A Beer Full of Fridge

You’ll have to excuse any lapses in spelling and/or grammar.  I’m kind of drunk right now.  So, y’know….   A little leeway is likely to be needed.  Of course, I think I’m about the only person alive that gives much of a shit about having all that stuff done properly, so no one else is likely to notice.  Whatever.  Meh.  And, hey!  I get to go to work in the morning.  Let’s hope I get done imbibing soon, then.

Something was said about me at work Thursday morning that I didn’t think I’d ever hear anyone ever say about me, and be completely serious about it.  See, we’ve been doing this really, really craptacular teamwork training course that tries to get us to work together, be accountable, stay positive, and make more money (seriously…..that’s one of the "core values"…..I’ve never known a company to just come out and say it so plainly like that…..it’s so refreshing, yet I find it utterly hilarious for some reason).  During the positive energy portion, Tammy (the manager who was teaching this stuff…..she’s also the unnamed manager from my last entry…why I didn’t name her, I dunno) tells everyone that they need to be more like me, because I’m the most positive worker she knows there.  She was smiling at me when she said it (and she provided examples of all the stuff I do for her and others….but mostly for her), but I just cracked up laughing.  She looked at me and said, "What?"  And I said, "I never thought I’d ever hear anyone ever say that about me.  Ever."  And, later, people came to me and said they agreed with her.  So that got me thinking….  What the fuck is wrong with me?!  No, I’m kidding.  What I actually thought was how different of a person I must be to have that said about me.  I never see anything about me that has changed.  I always wonder if I’m any different than I ever was before.  I mean, with some people, you can just see it.  It’s obvious.  I don’t feel like I’m so obviously different from the person I used to be.  Well….I take that back.  I think I’m much closer to the "college time" Dave than I have been in the past few years.  I mean, I know I’m different from how I was for the past two years or so….even Ray Charles could see that.  But I don’t count that.  I just don’t see myself as being much different from Dave, circa. 2002. 

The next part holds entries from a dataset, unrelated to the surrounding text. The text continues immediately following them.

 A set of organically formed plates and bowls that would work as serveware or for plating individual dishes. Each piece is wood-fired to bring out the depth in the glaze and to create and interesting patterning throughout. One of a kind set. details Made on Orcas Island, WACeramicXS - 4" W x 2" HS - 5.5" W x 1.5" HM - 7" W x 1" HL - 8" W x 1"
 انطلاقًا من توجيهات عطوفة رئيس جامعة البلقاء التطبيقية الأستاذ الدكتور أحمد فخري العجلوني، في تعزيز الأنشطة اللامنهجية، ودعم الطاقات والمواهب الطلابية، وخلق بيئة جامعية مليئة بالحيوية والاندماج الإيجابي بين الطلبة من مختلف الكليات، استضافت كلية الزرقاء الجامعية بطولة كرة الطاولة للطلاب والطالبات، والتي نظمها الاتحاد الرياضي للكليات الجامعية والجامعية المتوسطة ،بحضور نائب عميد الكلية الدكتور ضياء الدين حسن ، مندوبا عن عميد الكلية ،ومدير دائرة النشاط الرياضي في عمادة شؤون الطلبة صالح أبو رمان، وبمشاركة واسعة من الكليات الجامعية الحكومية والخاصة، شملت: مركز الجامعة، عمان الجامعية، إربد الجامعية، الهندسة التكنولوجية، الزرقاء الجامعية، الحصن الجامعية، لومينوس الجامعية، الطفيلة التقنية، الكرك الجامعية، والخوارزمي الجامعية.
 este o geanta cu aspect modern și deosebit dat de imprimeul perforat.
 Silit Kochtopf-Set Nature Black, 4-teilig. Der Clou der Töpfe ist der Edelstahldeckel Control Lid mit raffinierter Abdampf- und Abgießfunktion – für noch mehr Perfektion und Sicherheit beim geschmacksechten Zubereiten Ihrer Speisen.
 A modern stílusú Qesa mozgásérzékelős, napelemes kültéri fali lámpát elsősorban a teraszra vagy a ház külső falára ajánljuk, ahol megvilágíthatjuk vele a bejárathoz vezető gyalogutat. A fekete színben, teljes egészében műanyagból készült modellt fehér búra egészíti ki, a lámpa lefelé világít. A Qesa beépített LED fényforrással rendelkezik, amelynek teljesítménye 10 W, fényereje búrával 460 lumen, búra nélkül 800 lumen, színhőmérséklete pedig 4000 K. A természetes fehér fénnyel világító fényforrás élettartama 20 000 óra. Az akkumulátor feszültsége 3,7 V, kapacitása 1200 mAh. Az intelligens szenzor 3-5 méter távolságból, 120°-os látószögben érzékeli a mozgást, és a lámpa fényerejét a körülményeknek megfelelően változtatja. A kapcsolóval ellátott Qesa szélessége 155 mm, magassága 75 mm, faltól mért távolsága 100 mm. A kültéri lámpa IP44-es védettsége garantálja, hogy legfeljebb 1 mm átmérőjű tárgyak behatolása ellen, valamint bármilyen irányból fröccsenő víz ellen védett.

And maybe that’s part of the problem.  Though, what the problem is, exactly, I dunno.  Just using that expression, I suppose.  Perhaps I mean that the reason I feel like I’m kind of just stuck waiting for something to happen is because I feel like I’m the same person now that I was four years ago, except older.  I don’t think this paragraph is even remotely making sense.  I think I’ll just shut it up now.

Now Playing in Dave’s Mental Jukebox:  "Sad Caper" by Hootie and the Blowfish, "From Cradle to Enslave" by Cradle of Filth, and "Diary of Jane" by Breaking Benjamin (New CD August 8!)

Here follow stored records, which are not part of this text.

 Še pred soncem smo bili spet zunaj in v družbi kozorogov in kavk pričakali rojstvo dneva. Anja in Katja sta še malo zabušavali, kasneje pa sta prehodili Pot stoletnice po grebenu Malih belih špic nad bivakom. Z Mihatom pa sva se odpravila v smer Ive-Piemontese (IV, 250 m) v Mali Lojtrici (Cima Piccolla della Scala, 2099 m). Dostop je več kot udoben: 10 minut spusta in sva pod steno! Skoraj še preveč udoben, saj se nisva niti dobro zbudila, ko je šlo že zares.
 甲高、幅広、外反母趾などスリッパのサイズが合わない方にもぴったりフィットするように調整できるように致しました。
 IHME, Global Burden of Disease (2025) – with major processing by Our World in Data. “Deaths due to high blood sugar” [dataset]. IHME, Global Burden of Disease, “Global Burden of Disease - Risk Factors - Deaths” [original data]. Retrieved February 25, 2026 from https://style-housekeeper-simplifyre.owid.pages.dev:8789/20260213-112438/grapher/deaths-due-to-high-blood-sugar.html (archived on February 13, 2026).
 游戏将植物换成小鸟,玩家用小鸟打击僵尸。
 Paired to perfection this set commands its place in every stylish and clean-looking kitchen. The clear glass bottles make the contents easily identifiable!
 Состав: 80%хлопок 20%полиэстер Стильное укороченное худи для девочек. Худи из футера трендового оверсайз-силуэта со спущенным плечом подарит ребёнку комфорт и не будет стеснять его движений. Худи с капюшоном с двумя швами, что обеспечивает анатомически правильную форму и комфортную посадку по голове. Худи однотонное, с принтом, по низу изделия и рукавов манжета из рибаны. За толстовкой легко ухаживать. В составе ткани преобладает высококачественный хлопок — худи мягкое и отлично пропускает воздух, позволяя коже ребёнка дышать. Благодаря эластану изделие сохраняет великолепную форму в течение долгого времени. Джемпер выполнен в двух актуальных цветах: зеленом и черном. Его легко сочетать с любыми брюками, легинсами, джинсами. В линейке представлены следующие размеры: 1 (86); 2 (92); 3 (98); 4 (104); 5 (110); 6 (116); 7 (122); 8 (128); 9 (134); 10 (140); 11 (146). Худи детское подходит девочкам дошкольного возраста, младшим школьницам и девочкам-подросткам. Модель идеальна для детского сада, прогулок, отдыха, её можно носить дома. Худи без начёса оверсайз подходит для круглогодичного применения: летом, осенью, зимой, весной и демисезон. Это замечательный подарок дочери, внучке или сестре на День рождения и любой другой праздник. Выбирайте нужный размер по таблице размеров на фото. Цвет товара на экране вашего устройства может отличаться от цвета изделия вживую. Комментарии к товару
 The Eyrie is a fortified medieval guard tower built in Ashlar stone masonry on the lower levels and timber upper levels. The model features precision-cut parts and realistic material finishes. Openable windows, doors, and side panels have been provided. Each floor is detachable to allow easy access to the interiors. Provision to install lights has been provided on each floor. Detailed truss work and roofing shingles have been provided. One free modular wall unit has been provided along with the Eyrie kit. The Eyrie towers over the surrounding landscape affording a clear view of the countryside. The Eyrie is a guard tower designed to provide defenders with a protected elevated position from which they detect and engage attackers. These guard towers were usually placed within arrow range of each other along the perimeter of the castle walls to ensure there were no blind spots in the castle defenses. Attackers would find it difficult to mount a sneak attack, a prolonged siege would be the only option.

As I walked into the airport Friday night to pick up Will and Monica, I grew as angry as I’ve been in months.  It had nothing to do with them.  Oh, no.  It had everything to do with technology letting me down.  I knew I was going to be hella early, so I’d taken my Dell DJ with me so I could occupy my time with music.  Well, halfway between the parking lot and the terminal, it freezes.  Completely.  All it’s making is some kind of staticky noise.  None of the buttons work (oddly enough, it froze during "Welcome Home (Sanitarium)," which I thought was kind of appropriate to show off to them).  So there I was with a fucking $250 paper weight.  Later in the night, when I came back home around one in the AM, I decided I would just let it set down and have the battery run out in it.  Since it was still putting out sound, and the little power button was still lit up, it had to be expending energy.  Sure enough, Saturday night, it was dead.  I hooked it up to the charger, turned it on and……lo and behold……it worked just fine.  Which is lucky for the DJ, because otherwise it was going to end up being thrown on the ground and beaten with a hammer.  I truly thought it was just fucked beyond saving.  So I dodged that one………………for now.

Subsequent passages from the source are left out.